(Source records)
# # # # # # #

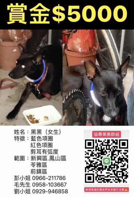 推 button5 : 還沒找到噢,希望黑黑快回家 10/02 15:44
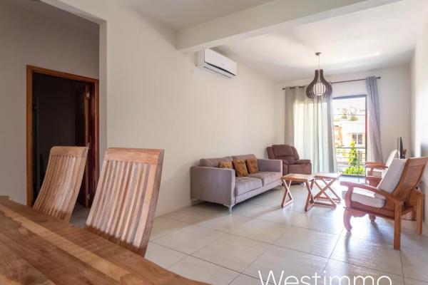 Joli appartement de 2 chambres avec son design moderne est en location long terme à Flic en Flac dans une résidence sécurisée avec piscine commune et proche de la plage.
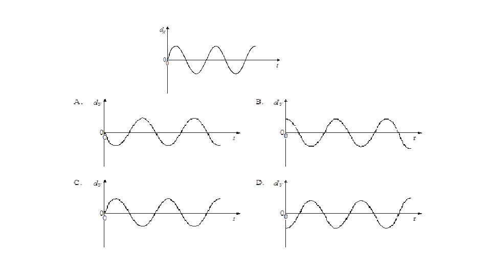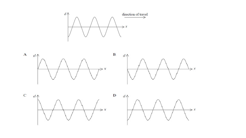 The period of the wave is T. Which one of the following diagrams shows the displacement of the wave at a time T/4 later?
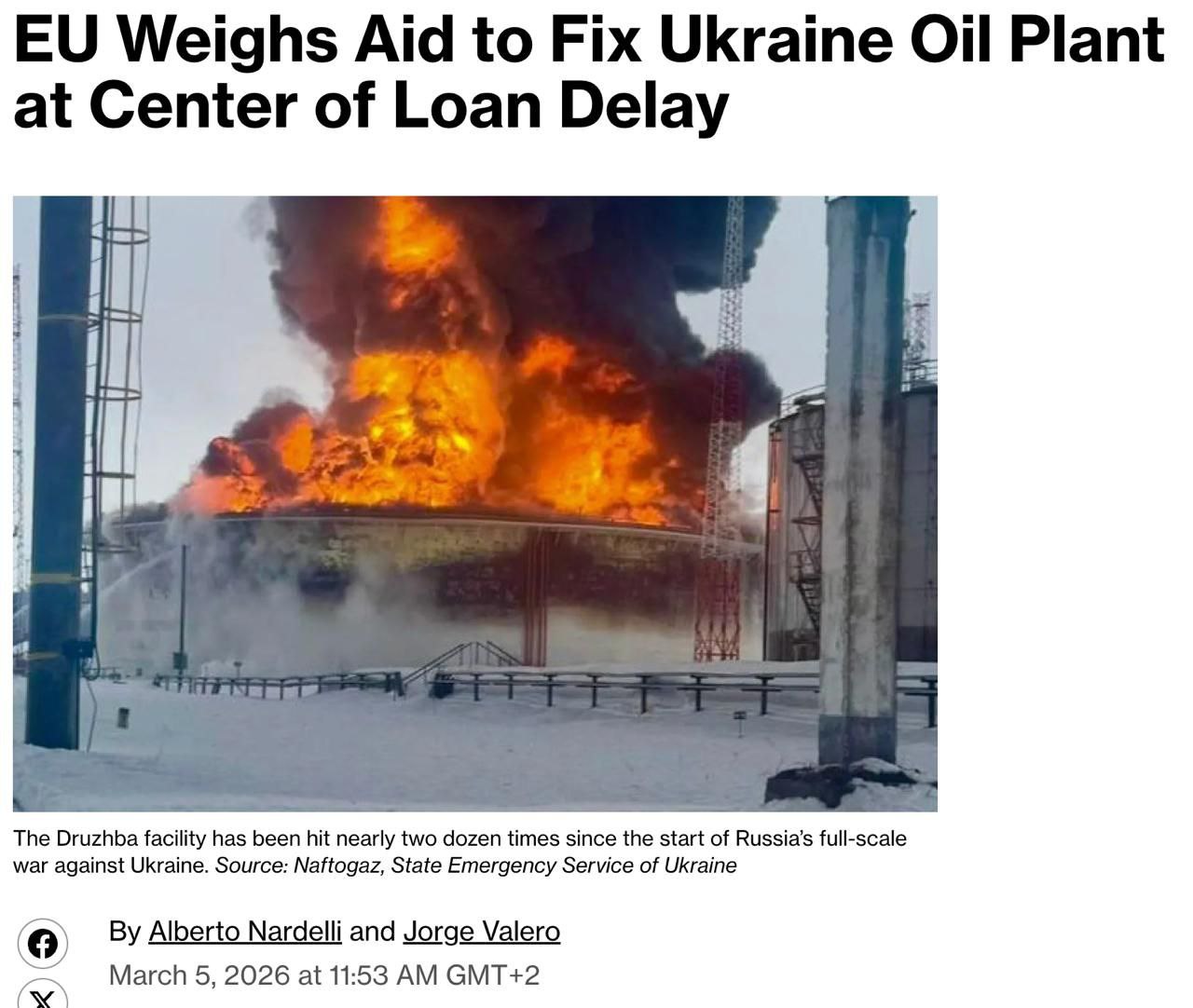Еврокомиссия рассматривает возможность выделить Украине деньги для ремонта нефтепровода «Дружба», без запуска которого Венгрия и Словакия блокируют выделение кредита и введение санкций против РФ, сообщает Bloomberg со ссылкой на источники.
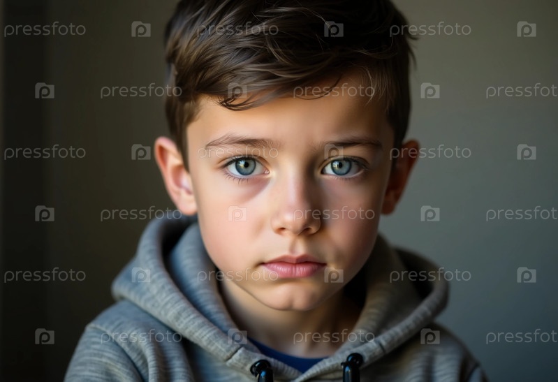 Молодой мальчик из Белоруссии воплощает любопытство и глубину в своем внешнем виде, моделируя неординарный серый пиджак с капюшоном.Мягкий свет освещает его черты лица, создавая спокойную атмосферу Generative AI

# # # # # # #

Assignment: All of the data, minus its pictures, should be repeated exactly.

Answer to the exercise:
 推 button5 : 還沒找到噢,希望黑黑快回家 10/02 15:44
 Joli appartement de 2 chambres avec son design moderne est en location long terme à Flic en Flac dans une résidence sécurisée avec piscine commune et proche de la plage.
 The period of the wave is T. Which one of the following diagrams shows the displacement of the wave at a time T/4 later?
Еврокомиссия рассматривает возможность выделить Украине деньги для ремонта нефтепровода «Дружба», без запуска которого Венгрия и Словакия блокируют выделение кредита и введение санкций против РФ, сообщает Bloomberg со ссылкой на источники.
 Молодой мальчик из Белоруссии воплощает любопытство и глубину в своем внешнем виде, моделируя неординарный серый пиджак с капюшоном.Мягкий свет освещает его черты лица, создавая спокойную атмосферу Generative AI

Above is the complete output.